Сэм — такой, каким бы тот мог быть. Без этого его взгляда — взгляда уличного оборванца, бездомного бродяги, неуправляемого и необузданного. Просто обычный мальчуган.
Нет — кажется, мне нужно не сюда. Перепутал номер дома…
Джон Муди через две ступеньки сбежал вниз. Поспешно остановил такси. Он уже знал, что сохранит эту встречу в тайне, даже от самого себя. То, о чем не было сказано, быстро поблекло и исчезло, во всяком случае — снаружи, позволяя как-то жить изо дня в день. За то, о чем не думаешь, на тебе и ответственности нет. Джон находил способы отвлечься. Подолгу совершал прогулки. Не пропускал выступлений Лайзы на детских концертах. Советовался в школе, куда ей лучше поступить по окончании; следил за ее расписанием, за выбором учебных предметов — но что-то постоянно мешало ему сосредоточиться на всем этом. Он слишком много размышлял о том подъезде в Нью-Йорке. Вел мысленно разговоры с внуком, о котором ничего не знал. Он взял за правило носить с собой в кармане магнитофон. Синтия на него записывала не только, какие встречи назначены у мужа на каждый день, но и указания, как на эти встречи добираться. Вот до чего он стал несобран.

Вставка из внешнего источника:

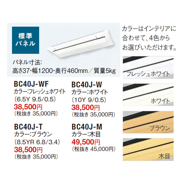 ■パネルカラー:BC40J-WF(フレッシュホワイト) / BC40J-W(ホワイト) / BC40J-T(ブラウン) / BC40J-M(木目)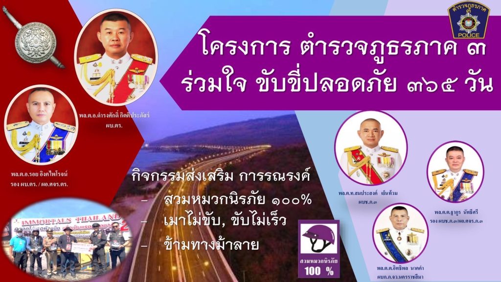 ร่วมจัดกิจกรรม โครงการตำรวจภูธรภาค 3 ร่วมใจ ขับขี่ปลอดภัย 365 วัน ร่วมส่งเสริม รณรงค์ ในการขับขี่รถจักรยานยนต์จะต้องสวมหมวกนิรภัย 100% เมาไม่ขับ ขับไม่เร็ว และ ข้ามถนนตรงทางม้าลาย เพื่อขับเคลื่อนดำเนินการในการป้องกันและลดอุบัติเหตุทางถนน ลดอัตราการเกิดอุบัติเหตุ การบาดเจ็บ และการเสียชีวิต ของผู้ใช้รถใช้ถนนในพื้นที่รับผิดชอบของตำรวจภูธรภาค 3 ตามนโยบายของ พล.ต.อ.ดำรงศักดิ์ กิตติประภัสร์ ผู้บัญชาการตำรวจแห่งชาติ , พล.ต.อ.รอย อิงคไพโรจน์ รองผู้บัญชาการตำรวจแห่งชาติ/ผู้อำนวยการศูนย์บริหารงานจราจรสำนักงานตำรวจแห่งชาติ , พล.ต.ท.ธนา ชูวงศ์ ผู้ช่วยผู้บัญชาการตำรวจแห่งชาติ/รองผู้อำนวยการศูนย์บริหารงานจราจรสำนักงานตำรวจแห่งชาติ ซึ่งได้สั่งการให้หน่วยในสังกัด ให้ความสำคัญกับการแก้ไขปัญหาการจราจรในทุกพื้นที่ ปฏิบัติการเชิงรุก แสวงหาความร่วมมือจากหน่วยงานภาคีเครือข่ายร่วมปฏิบัติ และความร่วมมือจากประชาชนในทุกพื้นที่ ได้ปฏิบัติตามกฎหมายและกฎจราจรโดยเคร่งครัด

Зато он не забывал раз в месяц наведываться на кладбище. Старинное, Архангелово, где лежала Арлин. Никто ему этого не подсказал — никто даже не знал, что он там бывает. Он ставил машину и подолгу смотрел на большое дерево, которое называл про себя платаном, хотя и мало что смыслил в деревьях. Судил по коре — крапчатой и облезающей лоскутами со ствола. Джон разбирался в другом: в стекле, в стали. Еще он знал, каково бывает, когда в тебе — пустота. И постоянно тосковал по Арлин. Носил в бумажнике ее фотографию — снимок, сделанный им на пароме, когда она уговорила его однажды навестить снова дом, в котором выросла. Одета была не по погоде: в белое платье, купленное Джоном ей в подарок. Он не принадлежал к числу мужей, которым свойственно думать о подарках, — и все же, увидев это платье, сразу понял, что оно подойдет Арли. Небо над ними тогда нахмурилось, потемнело, и Джон на мгновение испугался, как бы его жену не снесло за борт на таком ветру.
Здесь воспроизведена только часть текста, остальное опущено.